EDIT: woke up with the zigbee network down again, at this point i regret updating so bad
I have done some deeper digging. For some reason the SLZB-06P7 coordinator decided not to join the network following power off and replaced it with a UZG-01 flashed with 20240710. Trying different coordinator FW versions I have observed routing is wildly different. Earlier versions to 20240710 do not cluster well around routers. 20240710 seems to elect the key routers properly, and all routers seem to connect to the coordinator as expected. However, I get constant communication errors with all routers and I lean towards the issue is device related, rather then firmware related. Possibly someone could take a deep dive into the code behind https://www.zigbee2mqtt.io/devices/QS-zigbee-S08-16A-RF.html, I have 30+ of these, plus some other Tuya relay switches. For anyone reading this DO NOT ever buy QS products as they are not reliable short or long term - they stop functioning at some point.

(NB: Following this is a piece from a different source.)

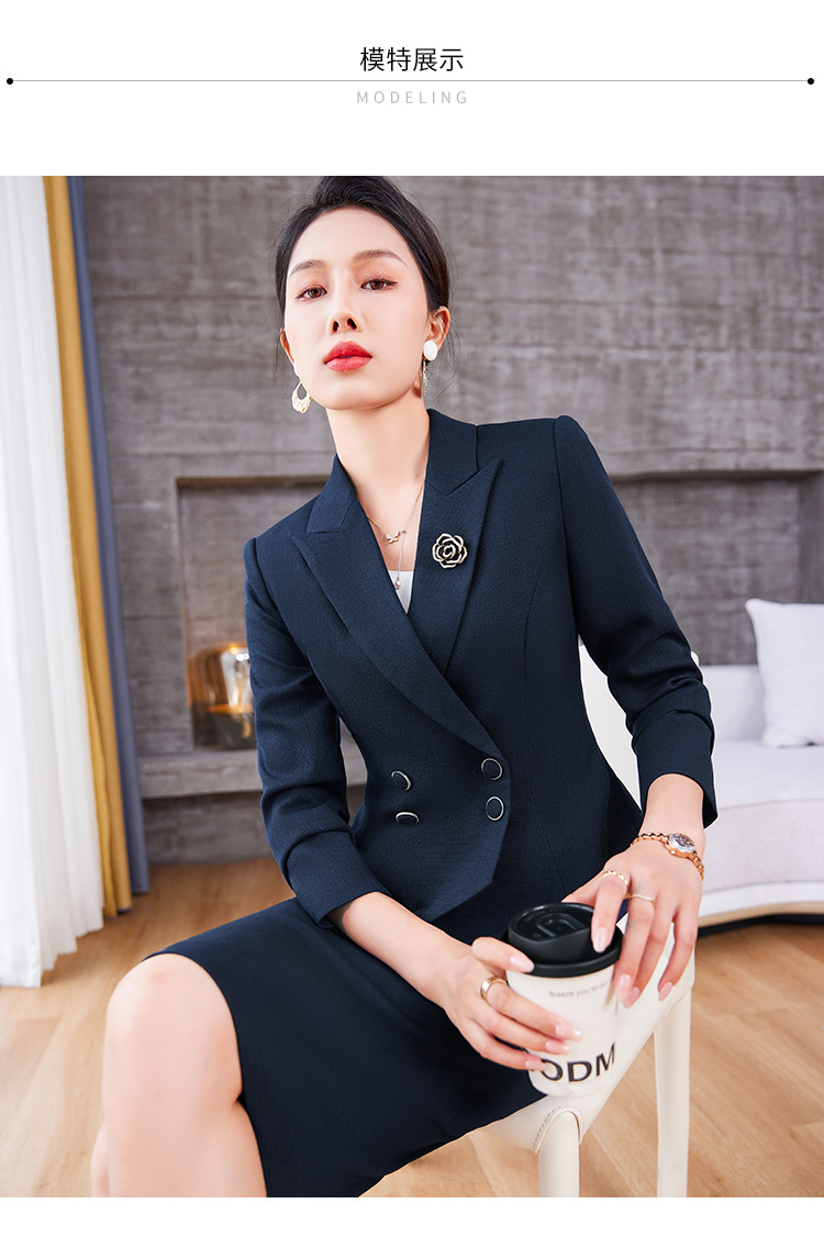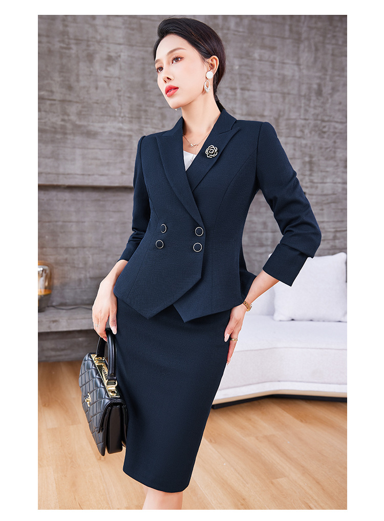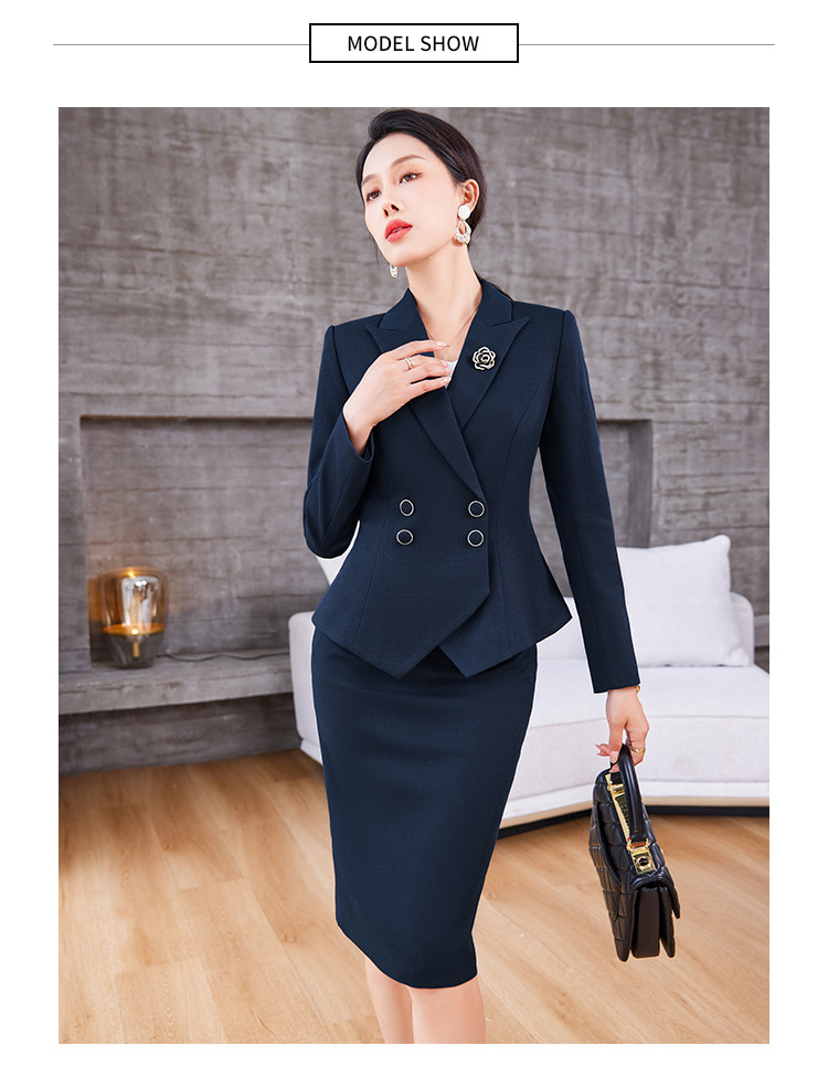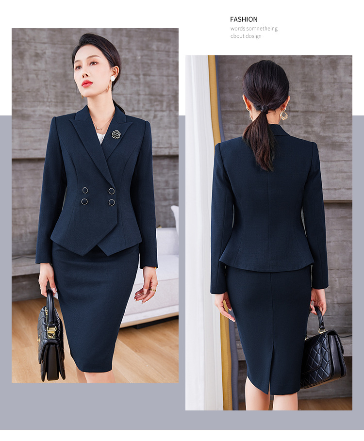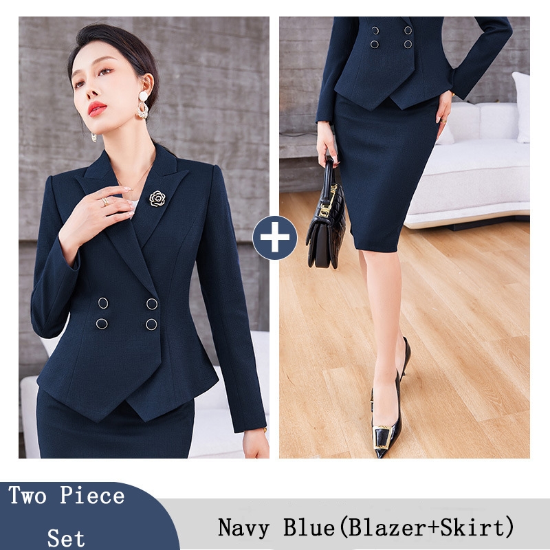 Elevate your professional image with this navy blue skirt suit set, perfect for office lady attire.

Images with the map and the errors are provided below. All of the routers even if they are really close (<5m no obstacles) to the coordinator seem to have low LQI (<99); if I re-pair they seem they go triple digit LQI, but eventually they settle on low double digit LQI, and therefore concluded re-pairing is not useful.
Although the battery powered devices are not connected they all seem to work flawlessly. Possibly some improvements required to get the map right. It seems to take a couple of hours for connection routing to settle.
It takes close to 20 mins for the above map to be generated.
One last thought. It would be a great addition if we have an option to clear all error messages displayed. Sometimes it takes more than 2 mins to manually clear error messages, which obscure action buttons.
Good news is the map does eventually generate an accurate connection layout. The following map is after 2 days of operation. Additionally it now takes less than 4 mins to produce the map using 20240710 UZG-01 combo.
After of almost 2 days of operation Z2M lost connection to UZG, but automatically recovered. I timed map generation to just 2.5 mins.
This zip file has all the debug logs. Logs dated 2024-09-05 were created using SLZB-06P7. Logs dated 2024-09-06 were created using UZG-01/20240710. The logs also include the instance where connection to UZG was reset by something.
I see a (0xc7: NWK_TABLE_FULL) error in the debug logs, if this is of any assistance.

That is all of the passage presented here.